Notre propre expérience pratique du capital risque vient corroborer la revue de la littérature présentée : en effet, ce métier consacre la grande spécialisation des fonds de capital risque par industrie (technologies de l'information, biotechnologie), et le plus souvent sur certains segments. C’est ainsi le cas du fonds d’investissement Banexi Ventures qui affiche une spécialisation – et donc une expertise – dans le financement de start-ups Internet positionnées sur des modèles B2C (vente à des particuliers). Les bonnes pratiques professionnelles du capital risque écartent largement l’idée d’une gestion « statistique » du portefeuille, considérée comme incompatible avec la nature- même des entreprises sous-jacentes en demande d’un accompagnement particulièrement attentif, du fait de leurs caractéristiques : jeunesse, technologie, vulnérabilité et équipes lacunaires.

122

KLIER, D. WELGE, M. HARRIGAN, K. The Changing Face of Private Equity: How Modern Private Equity Firms Manage Investment Portfolios. The Journal of Private Equity, Automne 2009, 12(4), 7-13.

3. Notre approche sous l’hypothèse du risque spécifique non-diversifiable en capital risque

Nous retenons l’hypothèse d’un risque spécifique non-diversifiable en capital risque. En conséquence, ce risque devrait être rémunéré au même titre que le risque systématique. Nous estimons ainsi que l’équivalence de profil de rentabilité/risque entre capital investissement dans les pays émergents et capital risque dans les pays développés, peut fonder notre raisonnement analogique.

Notre approche pose l’équivalence des risques micro et macroéconomiques du capital investissement dans les pays émergents et du capital risque dans les pays développés. Notre hypothèse d’un « risque spécifique non-diversifiable » en capital risque, hétérodoxe par rapport à la théorie financière qui pose que le risque spécifique est toujours diversifiable (dans un marché efficient), nous encourage à adapter l’application du couple rentabilité/risque au cas du capital risque.
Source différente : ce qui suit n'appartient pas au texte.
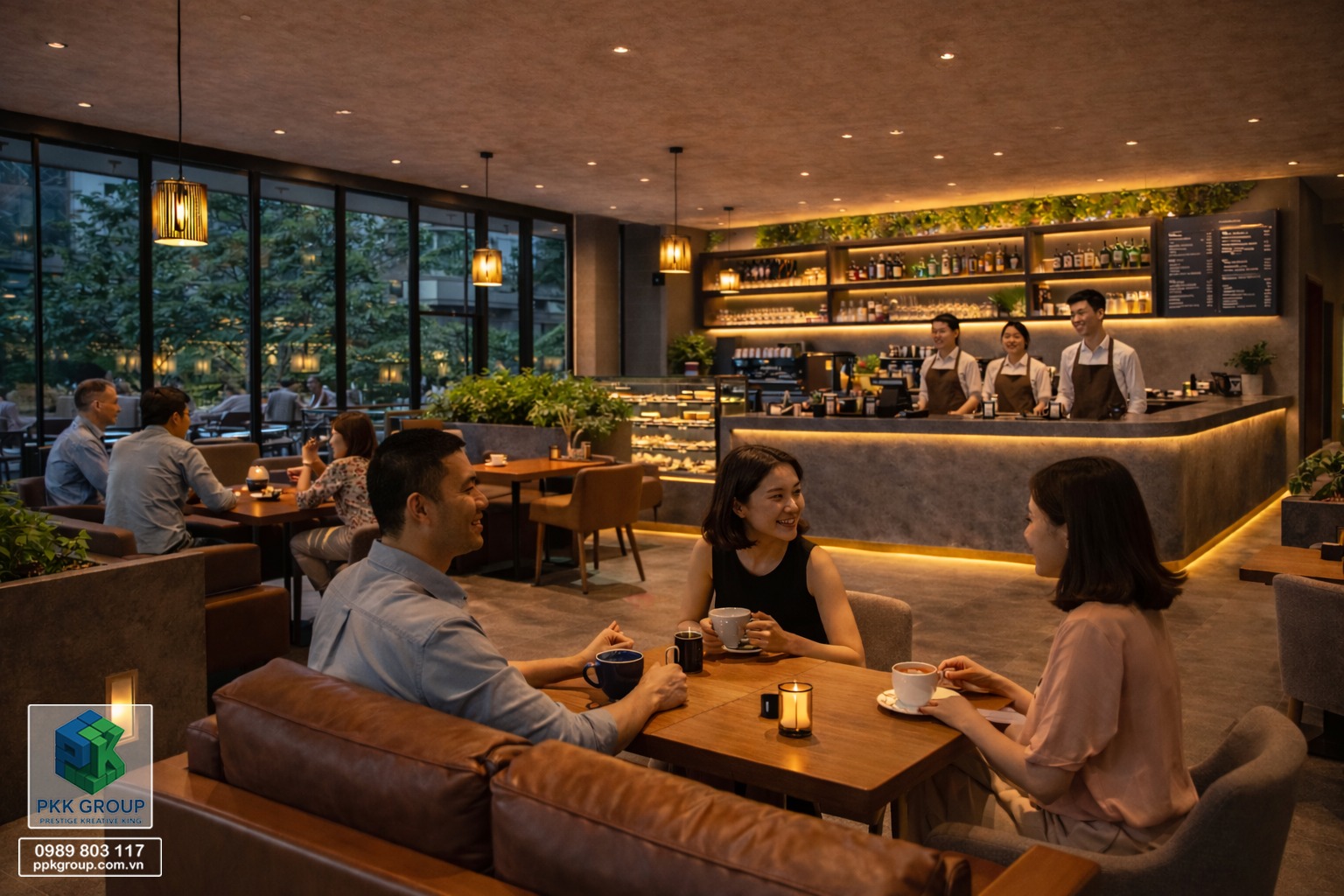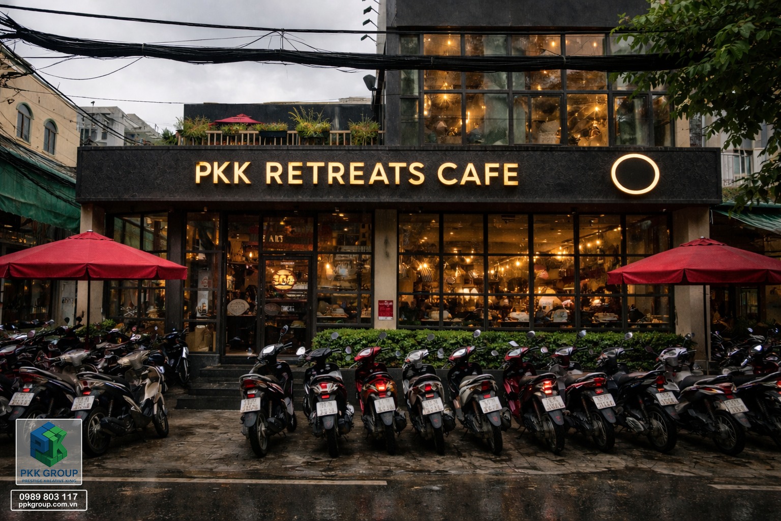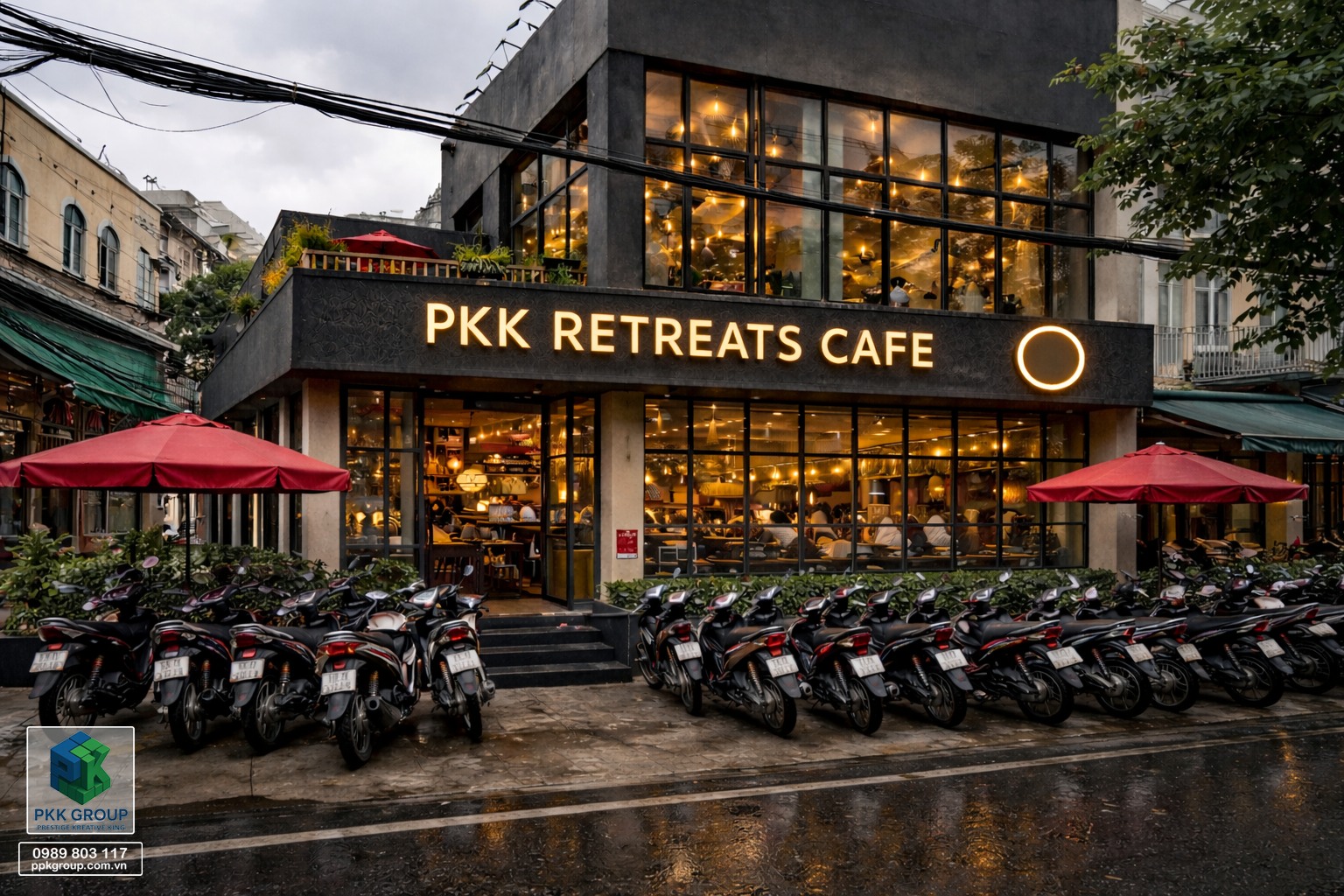 Concept quán cafe do PKK Group phát triển hướng đến phong cách hiện đại, sang trọng và gần gũi thiên nhiên, mang lại trải nghiệm trọn vẹn cho khách hàng ngay từ khi bước vào.

Nous considérons que le couple rentabilité/risque ressort élevé à la fois pour une PME rentable des pays émergents et pour une start-up technologique des pays développés. A l’inverse, le couple rentabilité/risque apparaît faible pour une PME rentable dans les pays développés. Dans la suite de nos développements, nous utiliserons les notions plus larges de « systémique » (et non « systématique ») et de « spécifique », pour marquer une application ad hoc de la grille de lecture rentabilité/risque au capital investissement. La mise en parallèle de la start-up technologique en pays développé avec la PME rentable des pays émergents, que nous recommandons, résulte alors d’un système de vases communiquant, jouant à la fois pour la rentabilité et pour le risque : pour la start-up technologique des pays développés, l'élément spécifique est élevé et l'élément systémique est faible ; tandis que pour la PME rentable des pays émergents, l'élément spécifique est faible et l'élément systémique est élevé.